For our analysis, data on critical access hospital locations, ALICE thresholds, and poverty thresholds were merged at the county level using the 2020 Tiger Line County shape files (U.S. Census Bureau, 2020). First, locations of critical assess hospitals were obtained from the Health Resources & Administration (HRSA) database and geocoded based on exact address location (Health Resources and Services Administration, 2023). Then, data on ALICE thresholds and poverty thresholds in each ALICE state at the county level were obtained from United for Alice and merged with the critical access hospital locations.
2.2. Statistical analysis
Geographic variability in the percent of households living at the 1) federal poverty threshold, 2) at the ALICE threshold, and 3) ALICE or poverty threshold combined were displayed in separate thematic maps. For this study, each measure of socioeconomic status was mapped separately according to Jenks natural breaks classification using five class breaks. Jenks is designed to use the natural breaks in the data to minimize the within-class variance and maximize the variance between classes (Brewer and Pickle, 2002). It is a commonly used classification system for non-normally distributed data, such as socioeconomic data (ESRI. Classification methods).
The study area was broken into two separate sections, the northwest (Washington, Oregon, and Idaho) and the central/eastern (Arkansas, Delaware, Florida, Illinois, Indiana, Iowa, Maryland, Michigan, Mississippi, New Jersey, New York, Ohio, Pennsylvania, Tennessee, Texas, Virginia, West Virginia, and Wisconsin) due to the location of the ALICE states. Tests for spatial autocorrelation (e.g., spatial clustering) were conducted using global statistics (tests clustering across each section) and local statistics (tests for clustering within each section) for each section separately. Moran’s I was conducted to assess global clustering, while local Getis Ord (G*) was used to identify county-level clusters of high and low percent of households at the 1) federal poverty, 2) ALICE, and 3) federal poverty plus ALICE levels. Both tests of spatial autocorrelation incorporated a nearest neighborhood spatial weight (Getis and Aldstadt, 2010). The optimal number of neighbors was calculated for each section separately based on the average number of neighbors for each county, resulting in 4 neighbors in the northwest and 6 neighbors in the central/eastern. Values of Moran’s I range from +1 to −1, with positive values indicating spatial clustering, negative values indicating spatial spreading, and zero indicating complete spatial randomness. Values of Getis-Ord (Gi*) are z-scores, which provide an easy way of detecting clustering of high value (hot spots) or low values (cold spots) at various degrees of statistical significance (90%, 95%, or 99% confidence level) (Environmental Systems Research Institute (ESRI), 2023). For this study, hot spots were clusters of high values with a confidence level of 95% or higher. All statistical analysis was conducted using R statistical software (version 4.2.1).

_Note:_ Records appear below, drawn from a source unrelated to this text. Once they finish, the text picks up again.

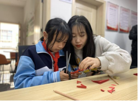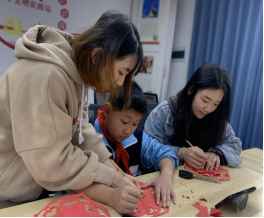 “小朋友小心剪刀,注意安全哦!”,“这个是边框里的字是“福”字,这个“福”字象征对幸福生活的祈祷和祝愿……”一句句温暖、轻柔的话语,回荡在金山塔社区的活动大厅中。在艺术传媒系党员先锋岗志愿者们的耐心指导和帮助下,小朋友们剪出了一幅幅漂亮的“福”字,展现了自己的学习成果以及对祖国的美好祝愿。
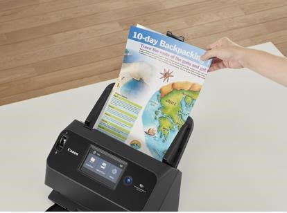 Kompaktný stolný skener imageFORMULA DR-S130 ponúka flexibilné možnosti pripojenia cez USB alebo sieť (Wi-Fi) a jednoduché a intuitívne ovládanie vďaka farebnému dotykovému displeju.
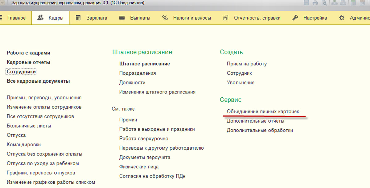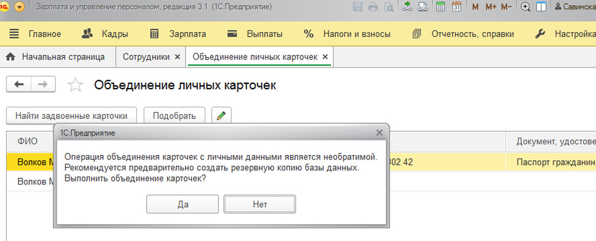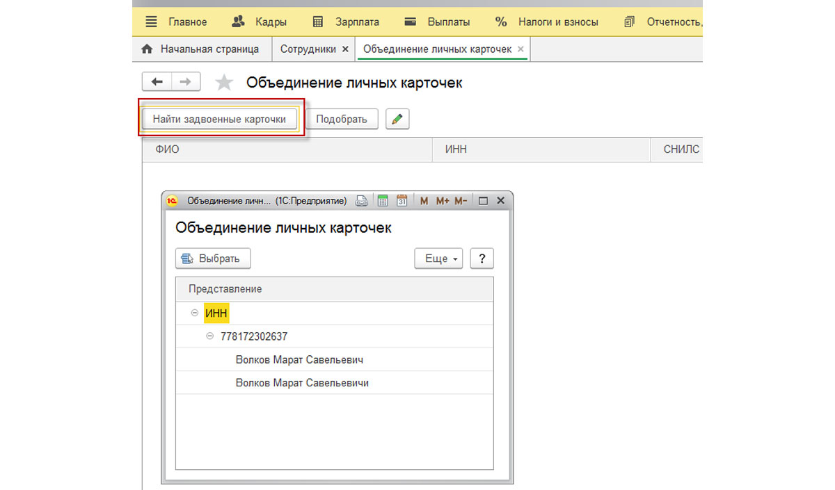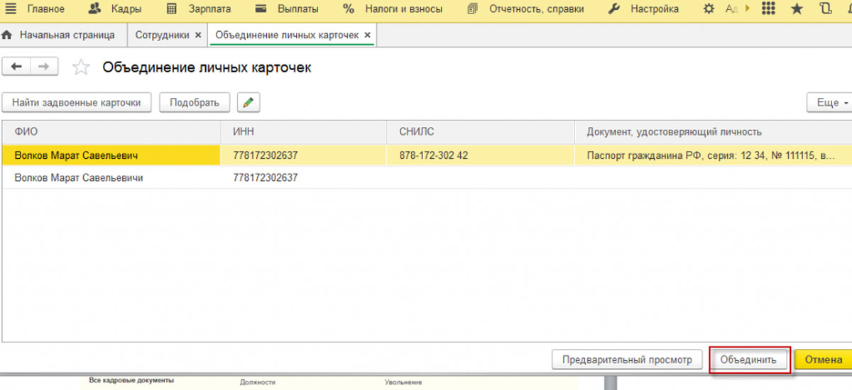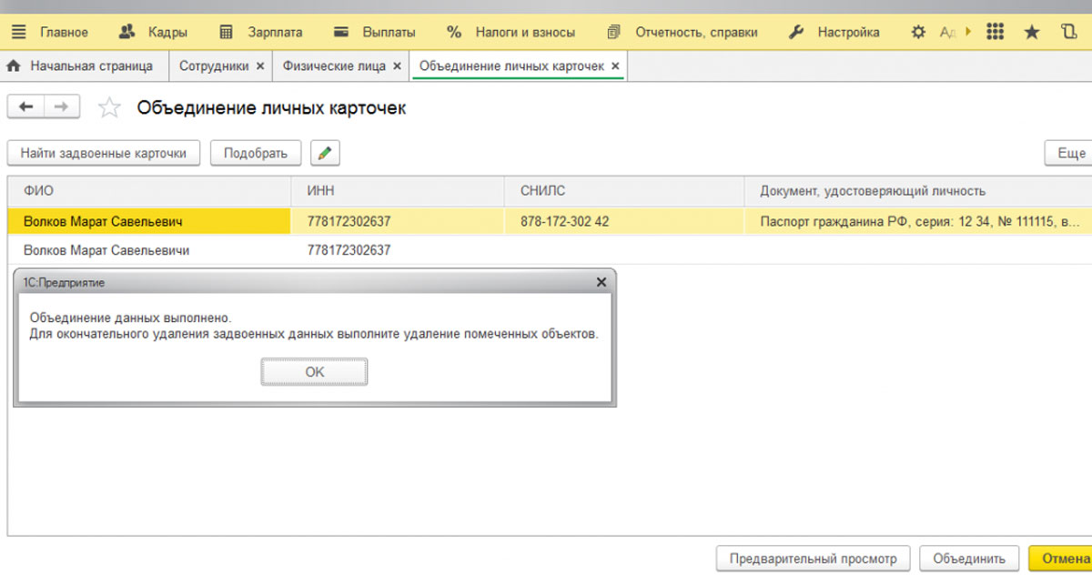 Стоит помнить, что даже если ошибка будет устранена в справочнике «Сотрудники», то в базе физических лиц позиции по-прежнему останется две. Это может привести к ошибкам: заработная плата может быть начислена одному физическому лицу, а аванс и доверенность – выданы другому. Исправить подобную ошибку можно воспользовавшись «Объединение личных карточек», в разделе «Кадры».

All thematic and cluster maps were created in ArcGIS Pro 2.9.2 (ESRI, Redlands CA). Cluster maps for each measure of socioeconomic status were overlaid with a critical access hospital 30-min drive time layer created in ArcGIS Online. The rural drive time analysis, under the proximity tools, estimates drive time in minutes from or to a geographic location, with a known latitude and longitude, adjusting for rural routes or unpaved roads (Environmental Systems Research Institute (ESRI)). The drive time analysis excluded states which do not have a state rural health plan (Delaware, New Jersey, and Maryland). The final mapped display provided an in-depth community-level snapshot of counties with a high percentage of the population living in poverty, ALICE (working poor), or either and their access to a critical access hospital.
Lastly, a non-spatial test of agreement, Cohen’s Kappa, was conducted to estimate the extent of agreement between the classifications of counties as hot spots for each measure of socioeconomic status (poverty, ALICE, poverty plus ALICE). This summary statistic provides a national estimate to better understand how public health planning targeting areas of poverty serves communities with a high percentage of the population designated as working poor.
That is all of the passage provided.